Примерно в эти же дни он напишет рецензию на знаменитый роман Барбюса «Огонь»: «Никогда больше подобное бедствие не должно обрушиться на человечество, восклицают они [выжившие в окопах], и если только нынешняя война будет последней войной, то все принесенные жертвы не напрасны. Их не искупят никакие вновь приобретенные провинции; вознаградить их может лишь одна, последняя надежда, что, ужаснувшись безмерности страданий, человечество не понесет добровольно еще раз крест войны. И над равниной, усеянной мертвецами, как трубный глас Суда, разносится из французских окопов клич: “Война войне!”».
* * *
Двадцать седьмого февраля 1918 года в городском театре Цюриха при переполненном зале «с большим успехом» прошла премьера драмы «Иеремия». Несмотря на то что критики осуждающе писали о пространной форме изложения и желательных сокращениях для придания выразительности пьесе, режиссер Йозеф Данеггер добился триумфа, а писатель под занавес, скромно стоя на сцене, принимал благодарности от многочисленных коллег и друзей, присутствовавших в театре.
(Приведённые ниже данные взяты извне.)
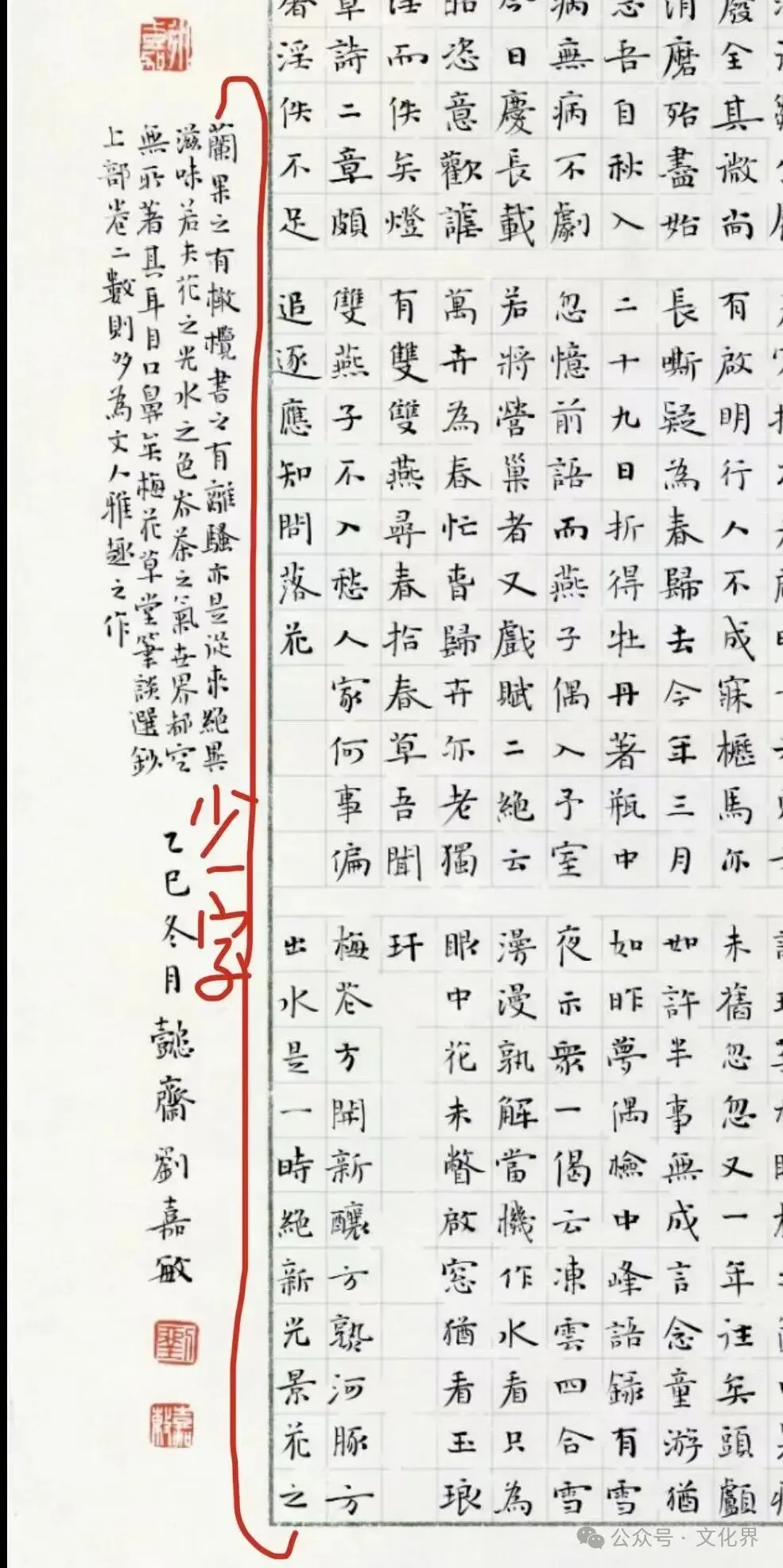 一、特等奖袁后青草书作品中,正文两处疑问“簷“、”横“系版本差异,文字无问题。落款两处确实存在文义上的重复,最后一行,“录”与“书”重复,“乙巳”与“年”重复。
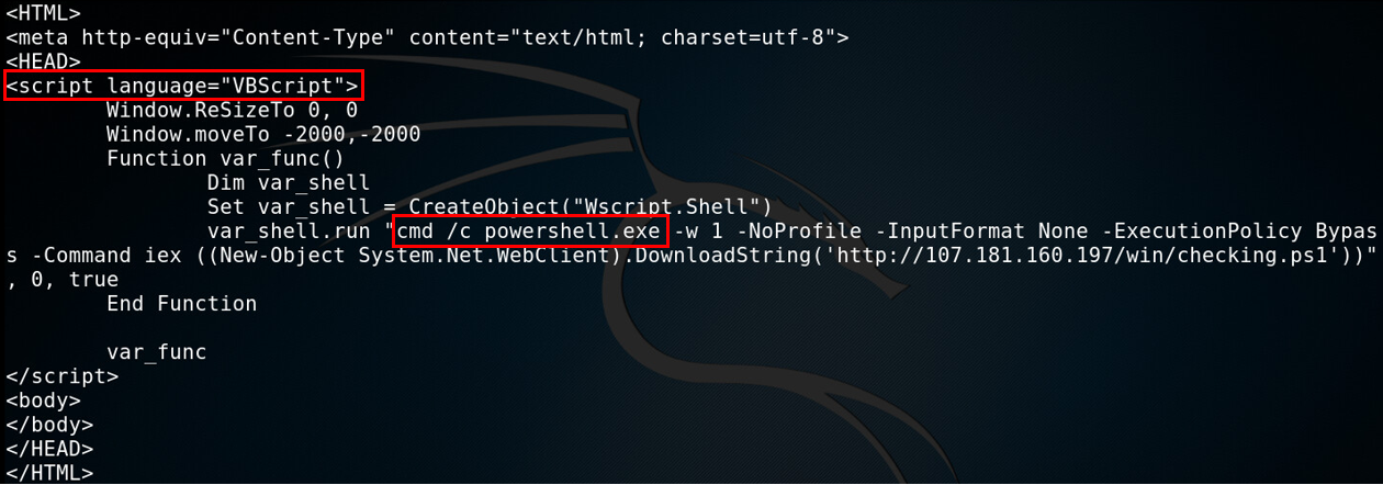 An additional file on the server at /win/checking-test.hta holds a Visual Basic script that calls a Microsoft Windows cmd to run a Powershell command on a targeted victim. So, it seems this threat actor is targeting Windows OS (not just Linux) using another operation hosted on the same server.

Вскоре в Вене на страницах «Neue Freie Presse» появится анонимная хвалебная заметка, даже рецензия и, мы, отлично понимая, кто был ее автором, не предъявляем Цвейгу никаких претензий. В конце концов, и сам Фридрих Шиллер однажды подобным образом составил анонимный похвальный отзыв на первую постановку собственной драмы «Разбойники».
После апрельской конференции в Берне пришла хорошая новость о том, что выездные документы на имя Аликс готовы. Как только девочка оказалась в Швейцарии рядом с сестрой и матерью, Фридерика уезжает в альпийский высокогорный курортный городок Амден, где снимает скромный домик с видом на озеро Валензее для спокойной работы. Еще находясь в Вене, она заключит контракт с издательством «Gustav Kiepenheuer» и теперь в Амдене приступит к редактированию чужого немецкого перевода трактата Жан Жака Руссо «Эмиль, или о Воспитании». Стефан потом напишет вступительное слово к этому изданию, вышедшему в «Kiepenheuer» в 1919 году.
Стефан на весну и лето 1918 года поселится «примерно в получасе пути от Цюриха» в Рюшликоне, в тихом отеле «Belvoir», где он в полном одиночестве мог много работать и «видеть лишь тех, кого приглашал к себе сам», стараясь «максимально использовать время, которое, как всегда, шло своим чередом». В Рюшликоне писатель завершит эссе о Достоевском, задумает сюжет драмы «Легенда одной жизни», материалом к которой, по его признанию, послужили «биографические элементы из жизни Фридриха Геббеля, Рихарда Вагнера и Федора Достоевского». Там же, в отеле «Belvoir», для пацифистского журнала «Die Friedens-Warte» он пишет текст под заголовком «Bekenntnis zum Defaitismus» («Приверженность пораженчеству») с резким осуждением массовых убийств в чудовищной войне, унесшей за четыре года миллионы мужчин и стершей с карты мира сотни городов и сел.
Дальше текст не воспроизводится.